** Opening Data for the task block **

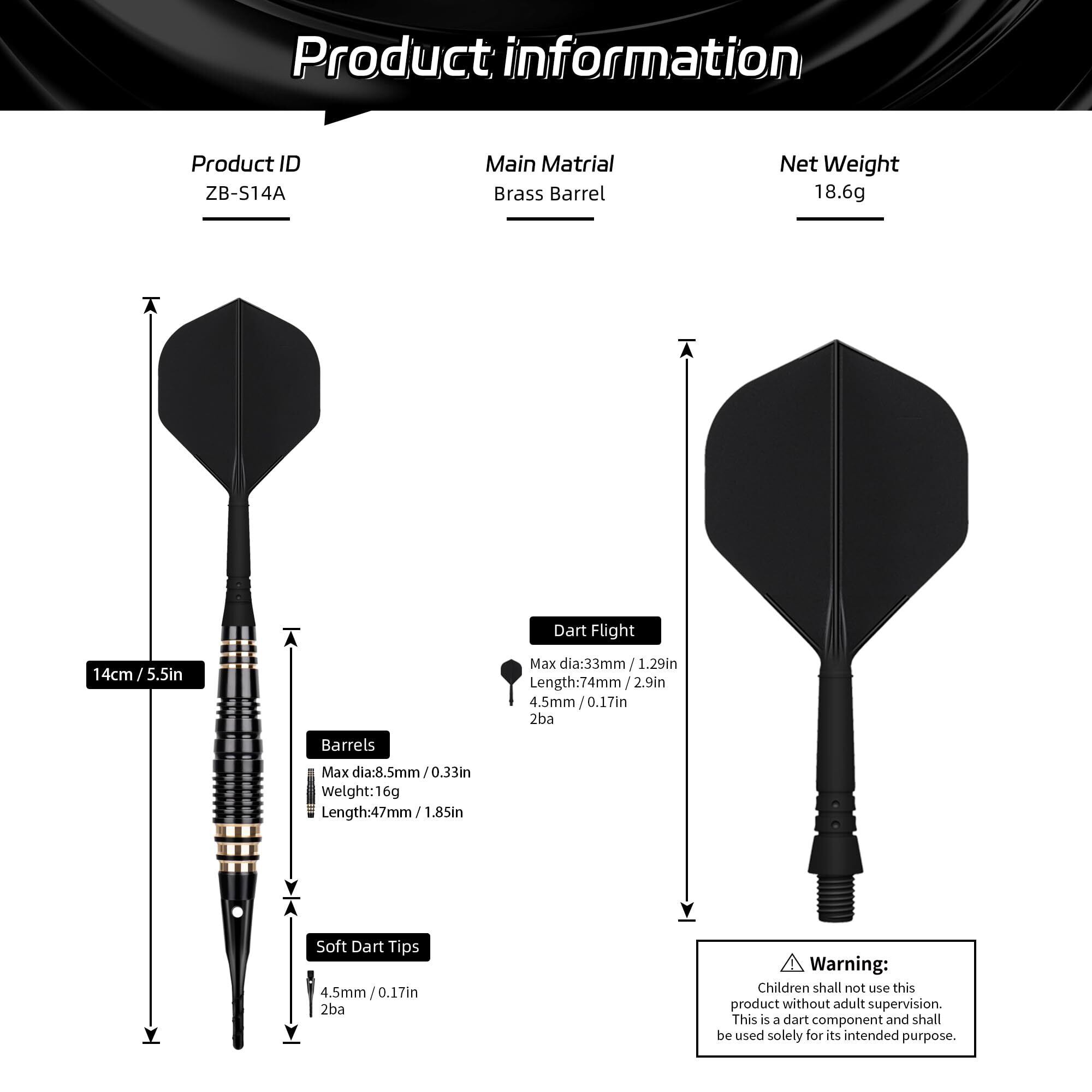 Cyeelife プロソフトチップダーツセット18 g, 追加のダーツチップとギフト収納ボックスが30個付いています,ダーツプラスティックチップ
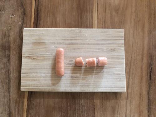 ソーセージをたこ焼き器に入る程度の大きさに3等分に切る。
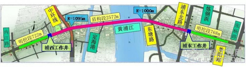 周家嘴路越江隧道新建工程起于浦西周家嘴路——内江路交叉口,沿周家嘴路向东连续下穿军工路中环线、上海理工大学、复兴岛、黄浦江及东运船舶有限公司后,在浦东莱阳路东西两侧先后接地,接入东靖路,终于张杨北路交叉口。
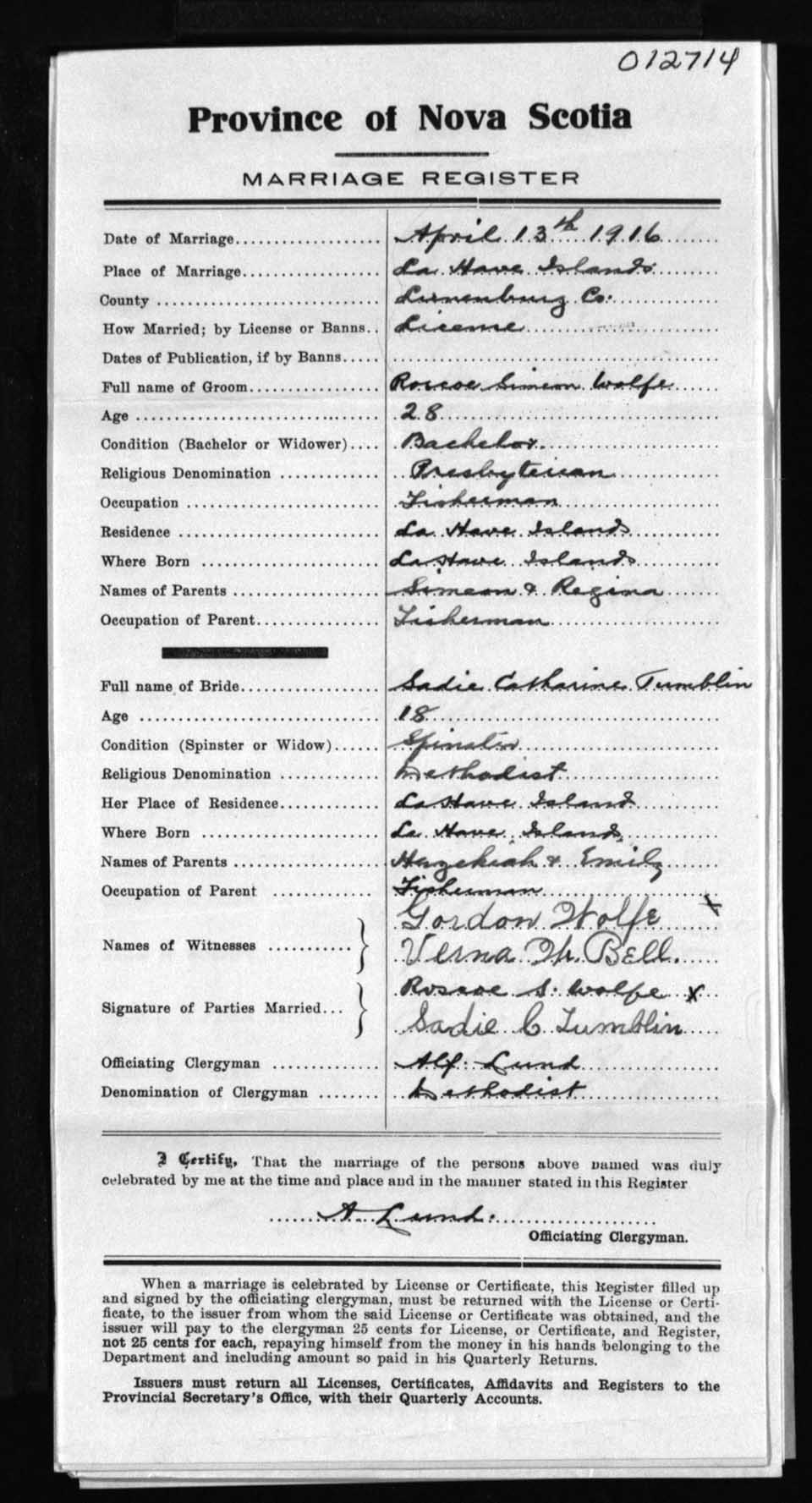 Registration: Year: 1916 number: 12714
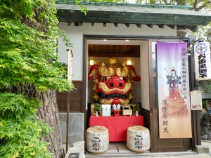 Once we left the building, we crossed the street and stopped at the tiny Yaminoke Inari Shrine, which is a shrine worshipped by the locals in Tsukiji for safe voyage, averting misfortune and achieving good luck. Now the cool thing about this shrine is that they have an annual festival in which lions’ heads are paraded through the streets. Two lions heads dating to 1848 still exist and were on display at the shrine. Best part of the shrine for me.
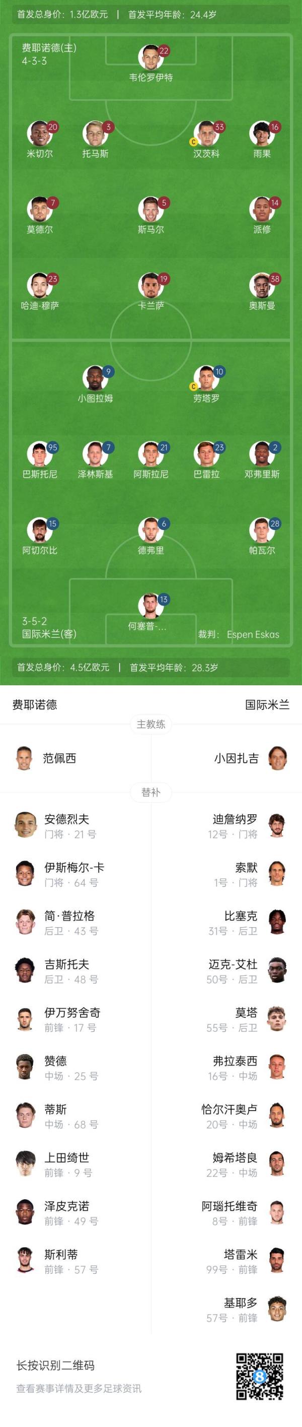 3月6日讯 欧冠1/8决赛首回合,国米客场对阵费耶诺德。赛前,官方公布了本场的首发名单。
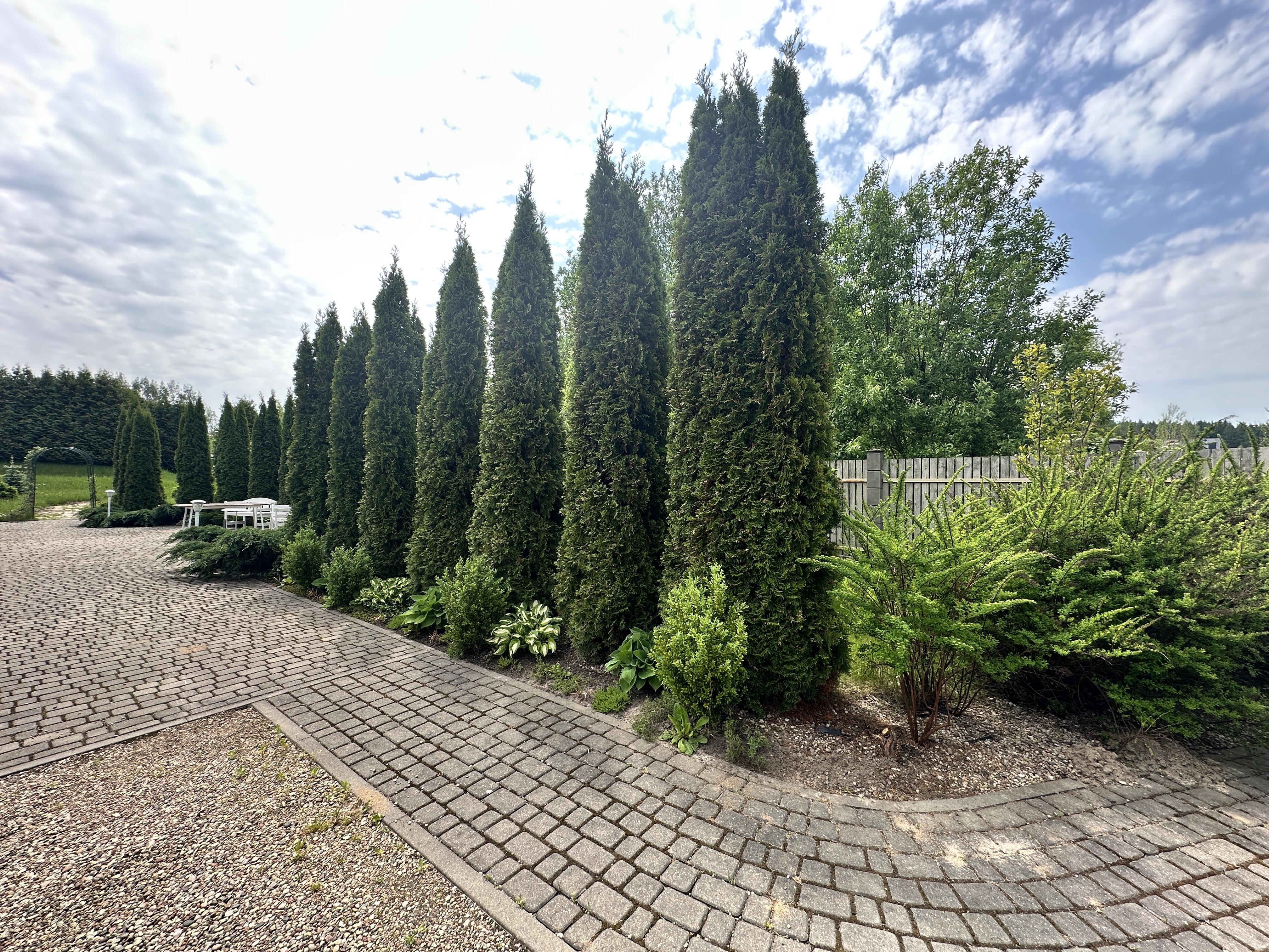 Большой, хороший, ровный ухоженный участок, огорожен, въездные ворота с электроприводом.
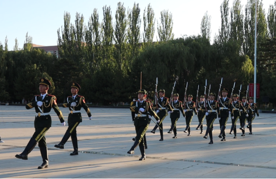迎着第一缕朝阳,升旗仪式正式开始。校国旗护卫队迈着铿锵有力、整齐矫健的步伐走向升旗台。全体人员神情庄重,面向国旗肃然而立,随着一声“升国旗、奏国歌”的口令,国旗迎风招展,国歌慷慨激昂,衷心祝愿伟大祖国更加繁荣昌盛,祝愿人民生活更加幸福美好。
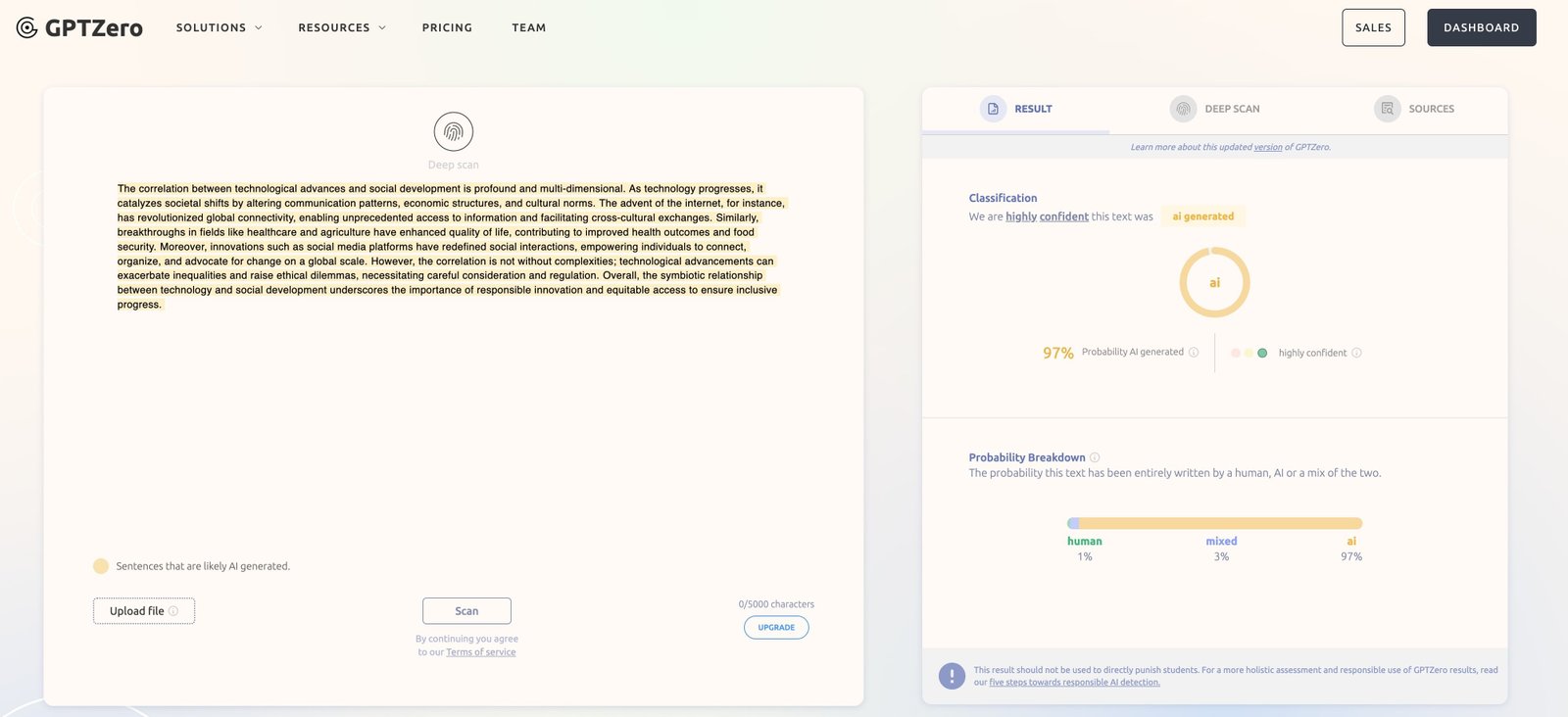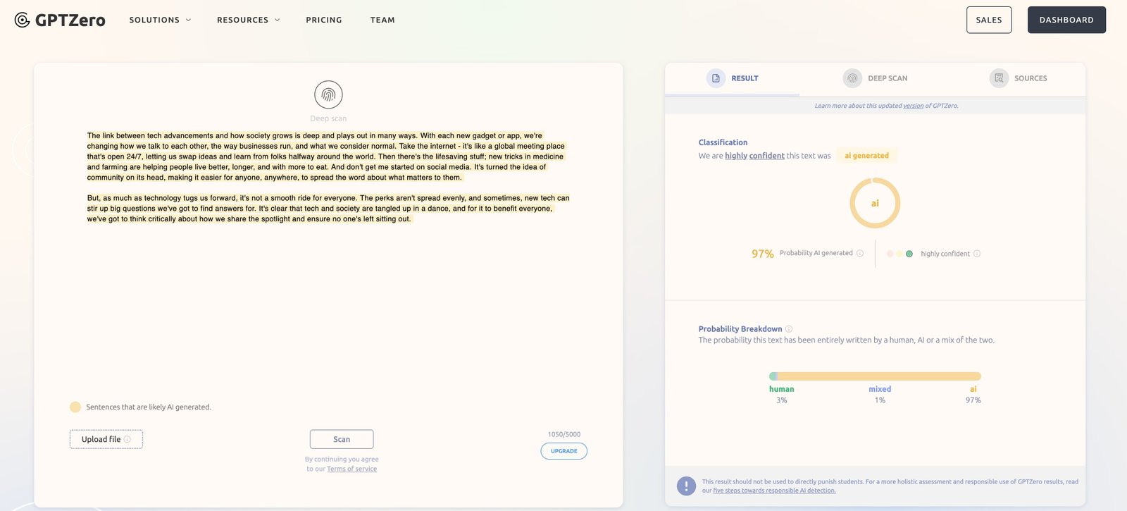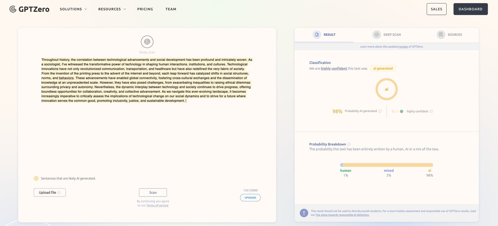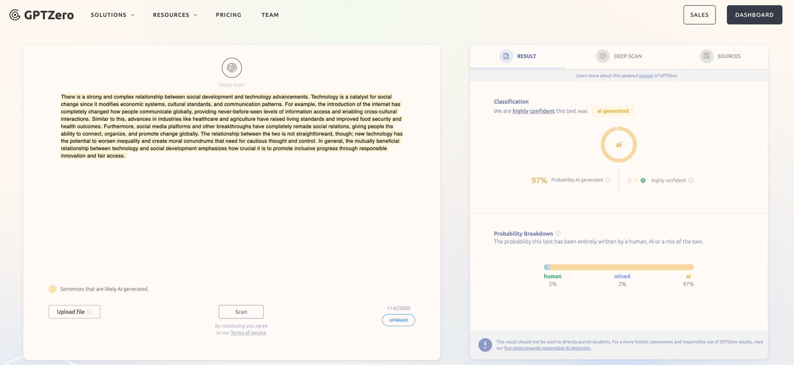 Now, let's see the results from the 2 mentioned AI content detectors.

** Closing Data for the task block **

* Work instructions *
Each entry must be reproduced word for word, and any image among them left out.

* Expected output *
 Cyeelife プロソフトチップダーツセット18 g, 追加のダーツチップとギフト収納ボックスが30個付いています,ダーツプラスティックチップ
 ソーセージをたこ焼き器に入る程度の大きさに3等分に切る。
 周家嘴路越江隧道新建工程起于浦西周家嘴路——内江路交叉口,沿周家嘴路向东连续下穿军工路中环线、上海理工大学、复兴岛、黄浦江及东运船舶有限公司后,在浦东莱阳路东西两侧先后接地,接入东靖路,终于张杨北路交叉口。
 Registration: Year: 1916 number: 12714
 Once we left the building, we crossed the street and stopped at the tiny Yaminoke Inari Shrine, which is a shrine worshipped by the locals in Tsukiji for safe voyage, averting misfortune and achieving good luck. Now the cool thing about this shrine is that they have an annual festival in which lions’ heads are paraded through the streets. Two lions heads dating to 1848 still exist and were on display at the shrine. Best part of the shrine for me.
 3月6日讯 欧冠1/8决赛首回合,国米客场对阵费耶诺德。赛前,官方公布了本场的首发名单。
 Большой, хороший, ровный ухоженный участок, огорожен, въездные ворота с электроприводом.
迎着第一缕朝阳,升旗仪式正式开始。校国旗护卫队迈着铿锵有力、整齐矫健的步伐走向升旗台。全体人员神情庄重,面向国旗肃然而立,随着一声“升国旗、奏国歌”的口令,国旗迎风招展,国歌慷慨激昂,衷心祝愿伟大祖国更加繁荣昌盛,祝愿人民生活更加幸福美好。
 Now, let's see the results from the 2 mentioned AI content detectors.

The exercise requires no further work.